TECH What is a COVID-19 vaccine passport?

TECH

What is a COVID-19 vaccine passport?

AP

13:04, August 26, 2021

Photo: AP

What is a COVID-19 vaccine passport, and do I need one?

“Vaccine passports” are digital or paper documents that show you were vaccinated against COVID-19, and could help you get into a growing number of places.

What they look like and why you might want one depend on where you live, but more private venues, workplaces and governments are requiring proof of vaccination in public settings.

Europe and U.S. states like California and New York created official digital credentials that let you verify your COVID-19 immunization record and convert it into a scannable QR code you can pull up on your cellphone.

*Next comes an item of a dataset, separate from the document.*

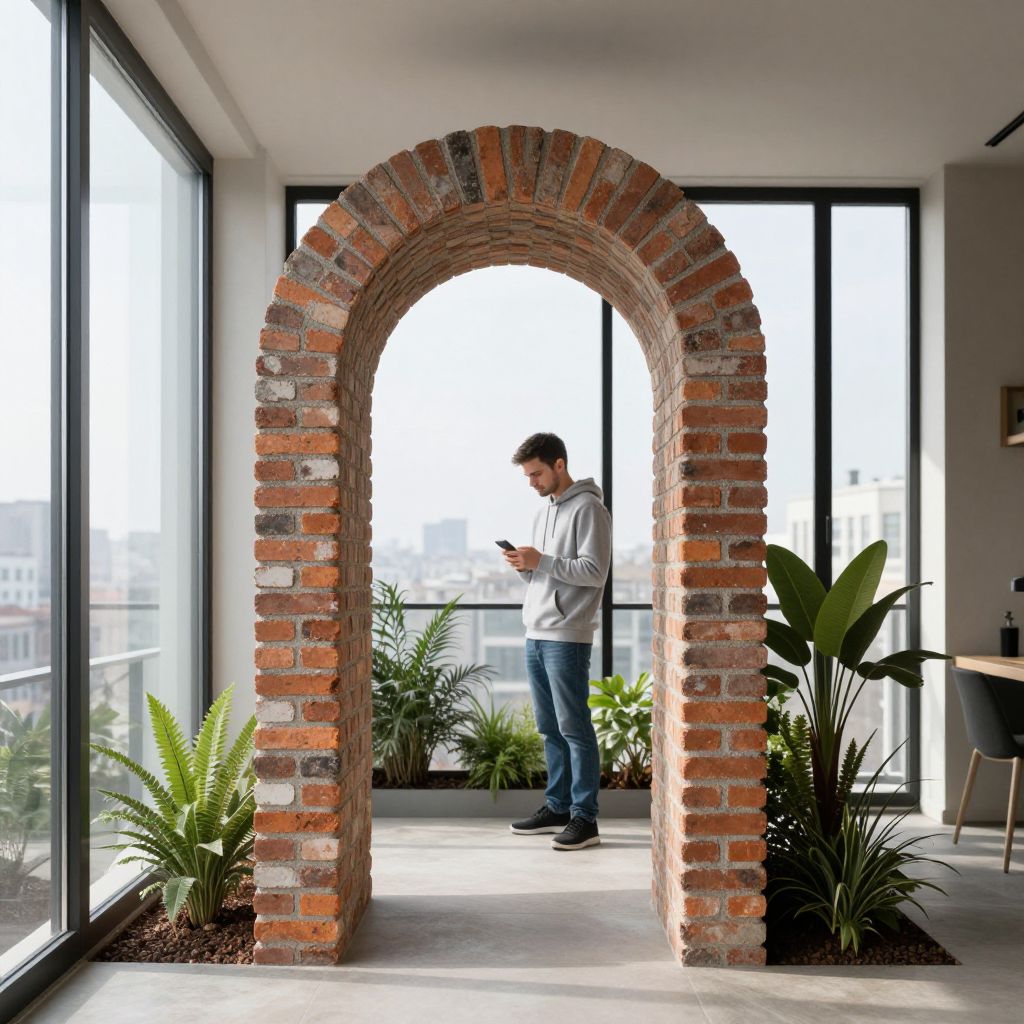 A modern brick archway made of reclaimed industrial bricks, placed between two large glass windows in a minimalist urban apartment. The archway spans a small patio area with green plants on either side. A young man in a gray hoodie and jeans stands behind the archway, looking at a smartphone, with sunlight streaming in from the large window behind him.

Most places that require vaccination proof also accept simpler options, such as the paper card noting the dates of your shots from the U.S. Centers for Disease Control and Prevention. In the U.S., showing a photo of that card on your phone will usually suffice.

Denmark, Greece, France, Italy, some Canadian provinces and the U.S. cities of New Orleans, New York and San Francisco are among the places that have vaccination requirements to get into places like indoor restaurants or theaters. Enforcement varies and many places also accept a recent negative test for the virus, a partial vaccination or proof that you previously recovered from the disease.

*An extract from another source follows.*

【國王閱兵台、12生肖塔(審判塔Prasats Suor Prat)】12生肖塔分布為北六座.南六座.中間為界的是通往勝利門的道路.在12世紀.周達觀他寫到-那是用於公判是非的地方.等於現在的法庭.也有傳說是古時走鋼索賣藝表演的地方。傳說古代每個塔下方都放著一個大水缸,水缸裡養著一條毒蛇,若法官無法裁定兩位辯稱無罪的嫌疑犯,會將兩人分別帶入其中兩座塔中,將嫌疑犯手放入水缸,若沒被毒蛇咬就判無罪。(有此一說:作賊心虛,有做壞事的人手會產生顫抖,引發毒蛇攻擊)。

Even without government mandates, more businesses in countries where vaccines are readily available are starting to ask for proof that you got the shots, so long as their local governments haven't blocked them from doing so.

Officials around the world were initially reluctant to mandate vaccines, but some now hope doing so will persuade more people to get the shots. Businesses requiring proof of vaccination say they are trying to make customers and employees feel safe.

Protesters in France and elsewhere have criticized vaccine mandates as invasive and restricting freedom of movement. Privacy advocates have raised concerns about getting people in the habit of having their phones scanned wherever they go, and generally favor options that won't be tracked, such as a paper record or a digital copy in your phone that can be shown at the door.